American: The Bill Hicks Story

I'm new to Bill Hicks (and stand-up in general) so getting my info from this film might give me a different slant from other Bill Hicks fans. This biography has a particular approach: getting at the subject through the people who knew him best -- family, friends and their archive of photos and video. It's Bill Hicks from the subjective standpoints of those close to him, and the filmmakers take a step back to let them tell the story. This is their testimony, and we judge the truth-value for ourselves. The way they use animation to realize the various episodes described is clever. We don't just get talking heads, but a larger-than-life reconstruction of what they are talking about: a great way to portray the workings of memory.

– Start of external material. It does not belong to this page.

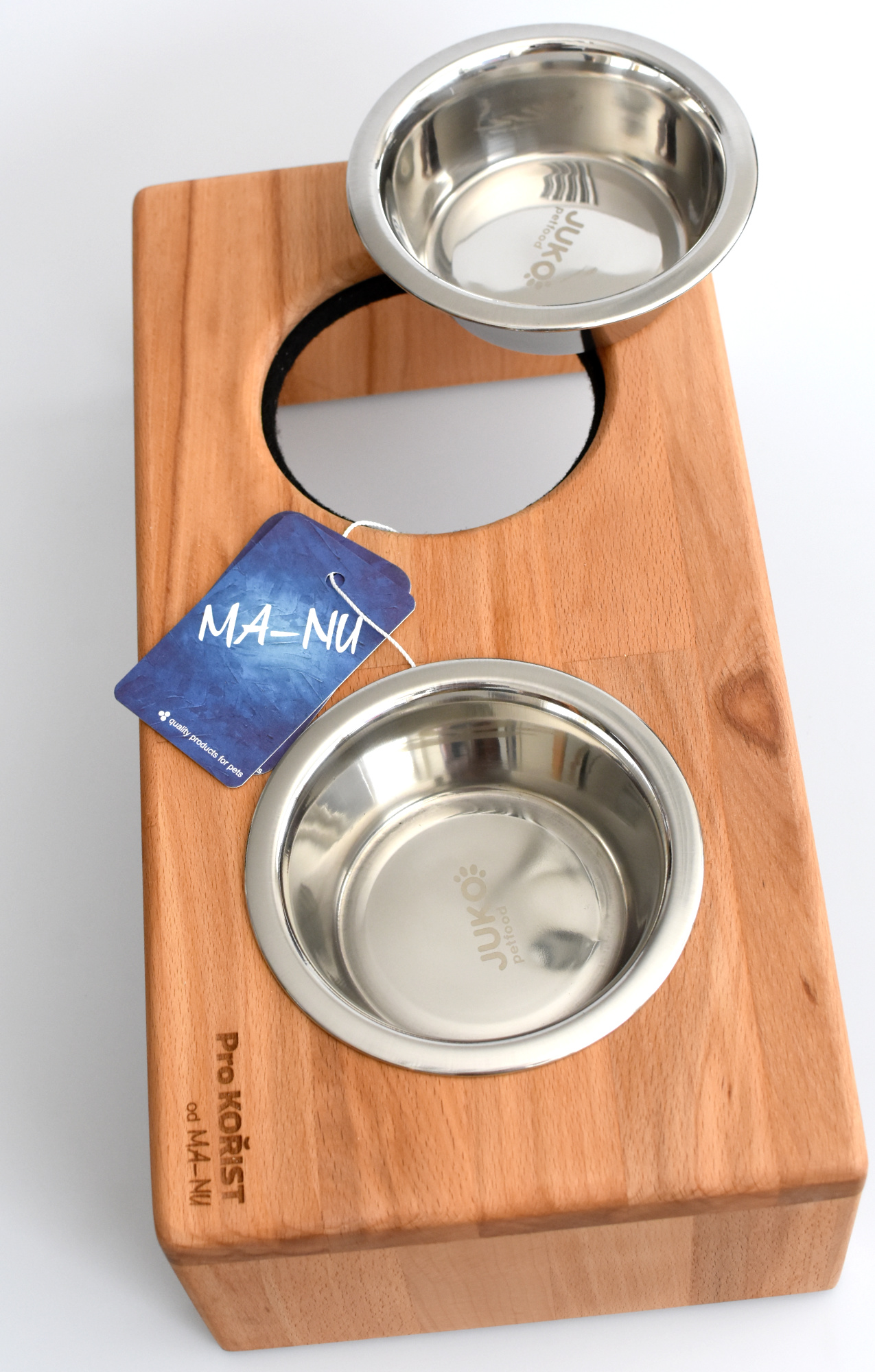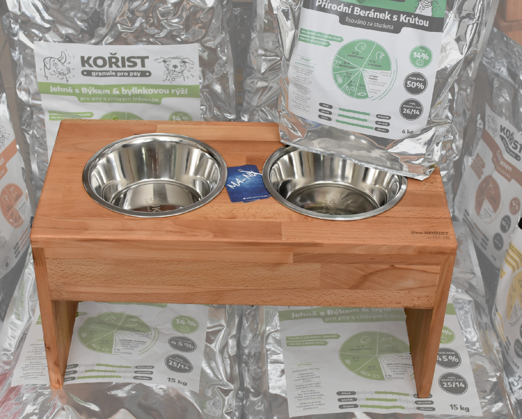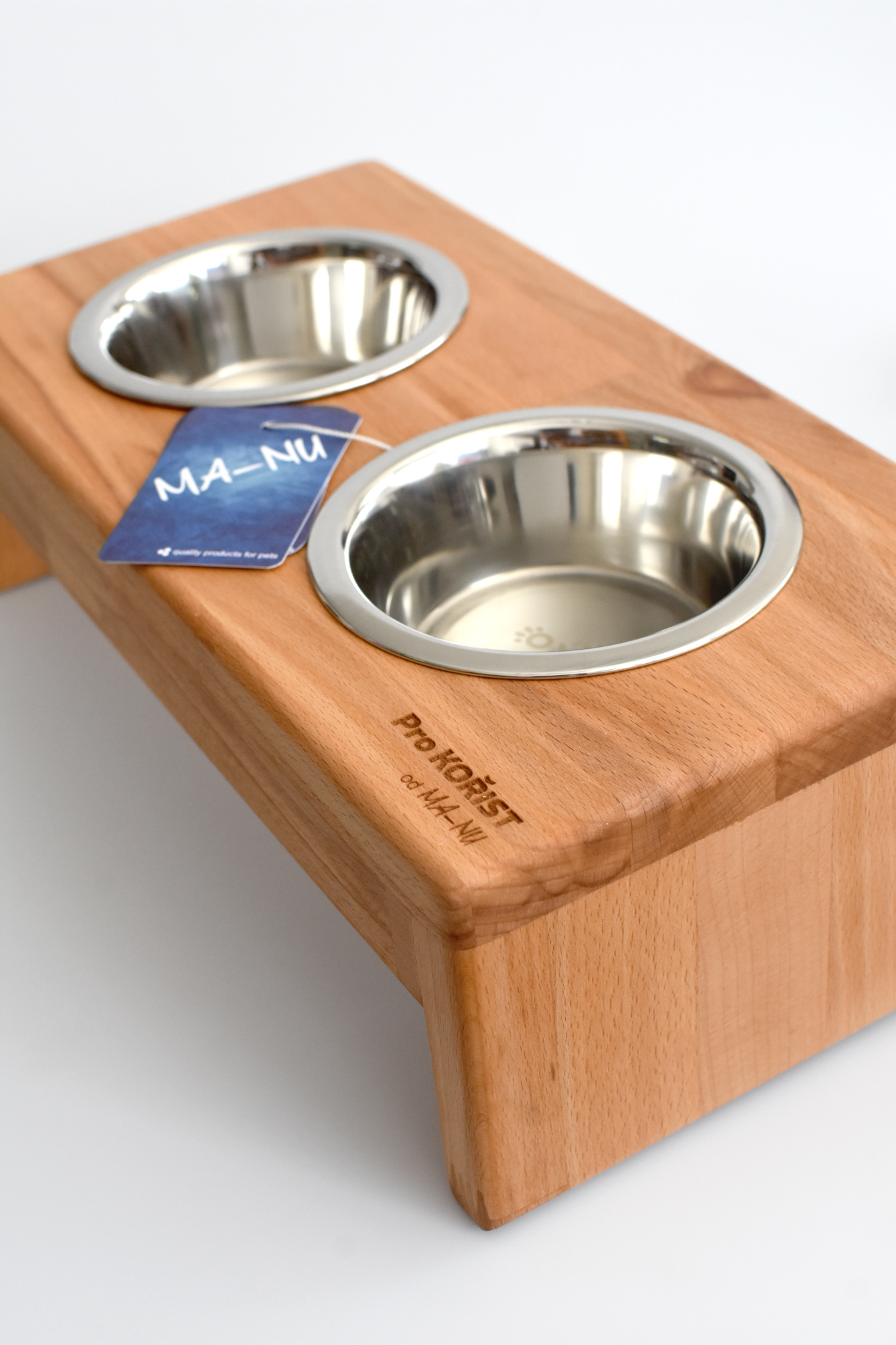 Vítejte ve světě prémiové péče o vaše čtyřnohé miláčky. Vyvýšené stojany na psí misky, známé také jako DogBary, vyrábíme ručně z kvalitního bukového dřeva, které se vyznačuje odolností a krásnou texturou. Každý DogBar natíráme kvalitním olejem s atestem nezávadnosti, čímž zajišťujeme elegantní vzhled, dlouhou životnost dřeva a bezpečnost. ČESKÁ RUČNÍ VÝROBA – pro značku Kořist vyrobeno v ma-nu.cz.

This is one way of doing biography, valuable perhaps, but with Bill Hicks I think there's a lot that's missed out from the focus on his personal life. As the film makes clear enough, his work was a way of escaping where he came from. Indeed, the info the film provides gets very general whenever Hicks is away from Texas and his family. We don't get many details on this life placed in different contexts. Where does Hicks fit into the history of stand-up comedy? Woody Allen and Richard Pryor are mentioned as influences, but for those that don't know who they are, what did Hicks take from them? What was his influence on others? Why was he so successful in Britain? What did he read? His philosophy can't JUST be explained as a result of a far-out trip on magic mushrooms. How did his stand-up actually WORK? One thing I noticed from the clips was the way Hicks could get away with critiquing American idiocy by co-opting parts of the audience and making them feel that they weren't the stupid ones.

This is stuff a more traditional biography might cover, with input from academics and disciples. Perhaps it has been covered to death elsewhere, which is why this film took this particular route. It provides a very good portrait of the man: hard-working, driven, very American as the title suggests. But my feeling is it missed a lot of what made Bill Hicks such a cult figure.